> Records to use:
━━━━
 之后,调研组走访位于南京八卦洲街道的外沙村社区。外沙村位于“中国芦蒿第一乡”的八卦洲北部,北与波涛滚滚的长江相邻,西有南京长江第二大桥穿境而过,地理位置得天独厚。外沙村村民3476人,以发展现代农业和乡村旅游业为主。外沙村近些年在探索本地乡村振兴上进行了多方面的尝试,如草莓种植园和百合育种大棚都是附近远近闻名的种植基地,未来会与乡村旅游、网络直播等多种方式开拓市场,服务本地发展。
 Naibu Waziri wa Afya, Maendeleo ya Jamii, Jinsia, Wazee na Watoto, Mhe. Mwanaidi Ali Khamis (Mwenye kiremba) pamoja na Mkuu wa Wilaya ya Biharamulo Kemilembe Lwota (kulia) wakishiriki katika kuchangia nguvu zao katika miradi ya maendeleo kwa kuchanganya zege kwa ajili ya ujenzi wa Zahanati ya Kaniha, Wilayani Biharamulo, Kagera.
━━━━
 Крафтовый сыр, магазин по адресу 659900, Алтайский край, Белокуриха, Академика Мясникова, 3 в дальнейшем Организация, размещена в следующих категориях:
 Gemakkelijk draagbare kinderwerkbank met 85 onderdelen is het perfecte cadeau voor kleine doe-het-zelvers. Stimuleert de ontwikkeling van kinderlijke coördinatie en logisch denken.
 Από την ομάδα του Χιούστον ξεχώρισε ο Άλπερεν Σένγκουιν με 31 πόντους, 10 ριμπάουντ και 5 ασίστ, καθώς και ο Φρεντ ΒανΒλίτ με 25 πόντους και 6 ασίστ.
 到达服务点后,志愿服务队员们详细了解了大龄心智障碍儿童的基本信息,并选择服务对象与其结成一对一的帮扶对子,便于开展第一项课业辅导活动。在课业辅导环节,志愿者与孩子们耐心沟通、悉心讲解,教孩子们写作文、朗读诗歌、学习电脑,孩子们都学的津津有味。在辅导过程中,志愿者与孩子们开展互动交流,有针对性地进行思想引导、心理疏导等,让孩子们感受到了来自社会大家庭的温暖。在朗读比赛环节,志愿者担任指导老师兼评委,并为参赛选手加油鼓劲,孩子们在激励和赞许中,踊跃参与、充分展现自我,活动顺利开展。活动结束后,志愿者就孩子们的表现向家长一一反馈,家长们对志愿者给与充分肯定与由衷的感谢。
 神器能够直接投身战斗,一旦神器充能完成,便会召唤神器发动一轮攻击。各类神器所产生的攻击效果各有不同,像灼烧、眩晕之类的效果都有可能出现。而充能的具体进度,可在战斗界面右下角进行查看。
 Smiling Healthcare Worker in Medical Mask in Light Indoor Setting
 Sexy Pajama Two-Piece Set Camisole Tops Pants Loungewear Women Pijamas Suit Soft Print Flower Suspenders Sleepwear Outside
━━━━
> Activity: From the listing above, output exactly the run of lines that starts with the line containing "Gemakkelijk draagbare kinderwerkbank" and ends with the line containing "Από την ομάδα".

> Your response:
 Gemakkelijk draagbare kinderwerkbank met 85 onderdelen is het perfecte cadeau voor kleine doe-het-zelvers. Stimuleert de ontwikkeling van kinderlijke coördinatie en logisch denken.
 Από την ομάδα του Χιούστον ξεχώρισε ο Άλπερεν Σένγκουιν με 31 πόντους, 10 ριμπάουντ και 5 ασίστ, καθώς και ο Φρεντ ΒανΒλίτ με 25 πόντους και 6 ασίστ.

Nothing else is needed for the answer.